What Twitter’s Blue Tick says about the value of symbols and authentication

Last Thursday (20th April 2023), Twitter began removing the blue ticks from formerly verified users who had failed to subscribe to the new Twitter Blue service.

The blue tick was once a symbol of “authenticity”, confirming that the holder of that account was indeed the person or institution referred to in the name or description of the account. Moreover, as the symbol was awarded to notable users (e.g., celebrities), it conferred a certain status to the respective account holders. Now, however, the same symbol has a different meaning. Now, the blue tick has come to denote someone that has subscribed to the Twitter Blue service, which, at the time of writing, includes features such as being able to edit tweets, fewer ads, longer messages, and content boosts. Here is a depiction of the change using the semiotics’ triangle: for the referent group of Twitter users, the symbol appended to an account (say, the late Queen Elizabeth II) has now come to denote a completely different object or concept.

Is this just a question of semantics? Or, does this change matter and, if so, for whom?

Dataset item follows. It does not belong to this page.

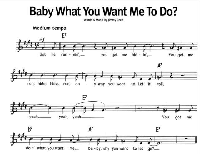 下面我们通过一个曲子来了解一下12小节布鲁斯,一首经典的布鲁斯歌曲,用的是shuffle的节奏,和声进行是标准的布鲁斯12小节,虽然不是C调的,但是和弦级数都是一样的。

To unpack these questions we need to consider a number of issues, including: the meaning of the blue tick symbol, the value of user verification, and the consequences for different types of users.

Let’s try to do that.

Issue: Same symbol, new meaning

The problem here is one of communication.

When people use the same symbol to mean different things, misunderstandings occur. The consequence of that misunderstanding could be just wasted time, but it could also be wasted money, missed opportunities, conflict…

Think of the hand sign that brings your thumb and your index finger together which means OK in some cultures vs. money in others, but could also be deemed an homophobic or racist insult in other contexts.

Whether on purpose (because Twitter wanted to hold on to the halo effect of the old meaning), or through negligence, by keeping the same symbol, Twitter is creating a situation where some users may misunderstand what the symbol stands for. Specifically, they may interpret the symbol as still representing the authenticity of the account and, indirectly, the notable status of the account holder. The misunderstanding is further compounded by the fact that, at the time of writing this, Twitter continues to use the blue tick for some accounts that have not subscribed to the service.

An example of this confusion – and its consequences – occurred when an account with the username @EliLillyandCo, and the “new” blue tick, tweeted that: “We are excited to announced insulin is free now.”

Users thought that the account belonged to the pharmaceutical company Eli Lilly (which uses the Twitter handle @LillyPad), and quickly amplified the message with numerous likes and retweets. The misunderstanding reputedly drove down the value of Eli Lilly’s shares plus, no doubt, generated much confusion and time wasted among patients, medical professionals, charities and so on.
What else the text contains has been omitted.